*** Supplied material Section Begins ***

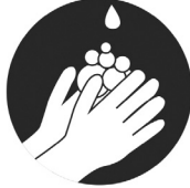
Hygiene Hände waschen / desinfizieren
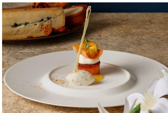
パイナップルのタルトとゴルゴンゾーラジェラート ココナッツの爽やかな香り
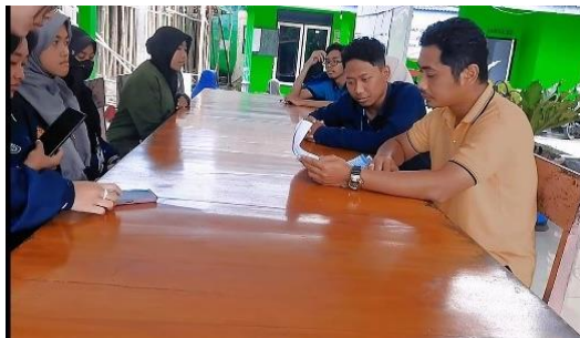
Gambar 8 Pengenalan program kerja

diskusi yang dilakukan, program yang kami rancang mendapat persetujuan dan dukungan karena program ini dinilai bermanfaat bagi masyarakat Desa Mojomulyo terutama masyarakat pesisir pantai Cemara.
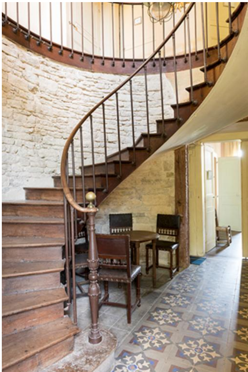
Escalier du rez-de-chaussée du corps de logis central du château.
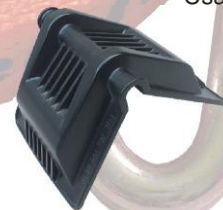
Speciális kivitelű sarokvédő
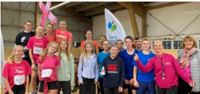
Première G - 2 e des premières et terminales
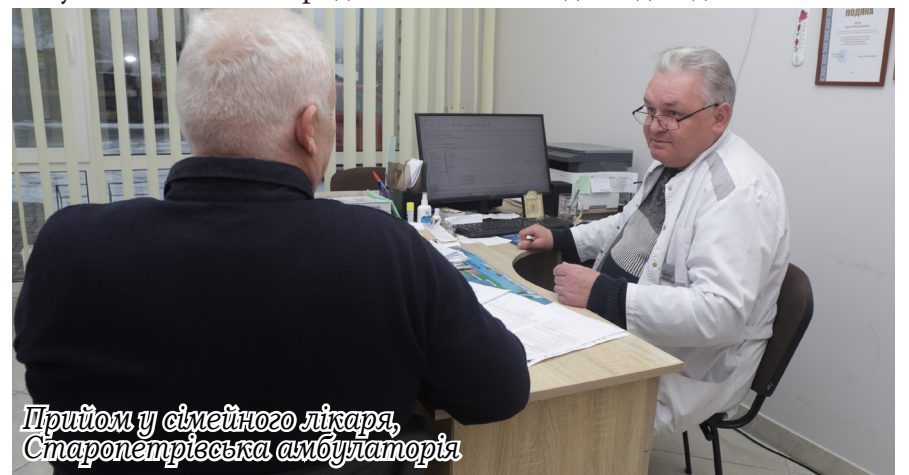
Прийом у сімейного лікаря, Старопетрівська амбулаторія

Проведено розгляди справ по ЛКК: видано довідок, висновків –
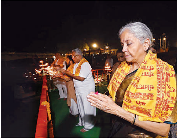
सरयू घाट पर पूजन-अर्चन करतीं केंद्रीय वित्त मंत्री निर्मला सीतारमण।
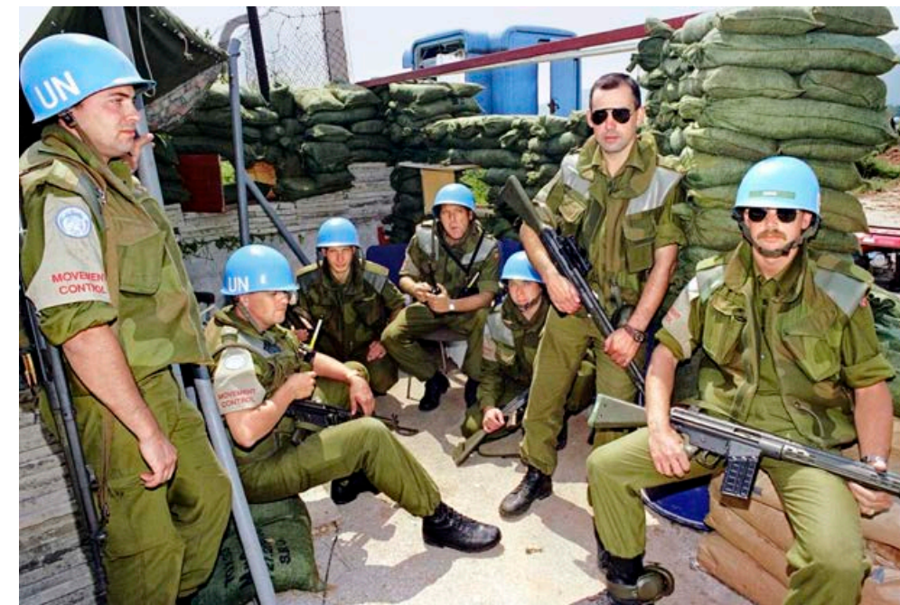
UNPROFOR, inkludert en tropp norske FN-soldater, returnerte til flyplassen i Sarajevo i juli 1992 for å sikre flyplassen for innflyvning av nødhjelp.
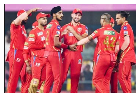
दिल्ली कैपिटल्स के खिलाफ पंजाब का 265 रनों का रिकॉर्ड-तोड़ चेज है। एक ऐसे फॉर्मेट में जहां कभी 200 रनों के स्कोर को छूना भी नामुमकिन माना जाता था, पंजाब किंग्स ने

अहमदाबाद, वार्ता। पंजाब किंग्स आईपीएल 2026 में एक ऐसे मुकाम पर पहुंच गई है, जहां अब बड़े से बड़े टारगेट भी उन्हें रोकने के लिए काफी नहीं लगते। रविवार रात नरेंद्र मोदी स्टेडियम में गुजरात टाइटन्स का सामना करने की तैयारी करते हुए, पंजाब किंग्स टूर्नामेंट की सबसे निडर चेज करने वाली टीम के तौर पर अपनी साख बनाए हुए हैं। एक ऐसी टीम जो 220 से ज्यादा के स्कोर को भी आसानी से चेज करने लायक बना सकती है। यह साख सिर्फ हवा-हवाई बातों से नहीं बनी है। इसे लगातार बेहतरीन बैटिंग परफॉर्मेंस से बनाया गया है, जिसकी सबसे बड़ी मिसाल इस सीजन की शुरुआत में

*** Supplied material Section Ends ***

» Task statement:
Each line above with the word "program" must be returned.

» Response area:
Gambar 8 Pengenalan program kerja
diskusi yang dilakukan, program yang kami rancang mendapat persetujuan dan dukungan karena program ini dinilai bermanfaat bagi masyarakat Desa Mojomulyo terutama masyarakat pesisir pantai Cemara.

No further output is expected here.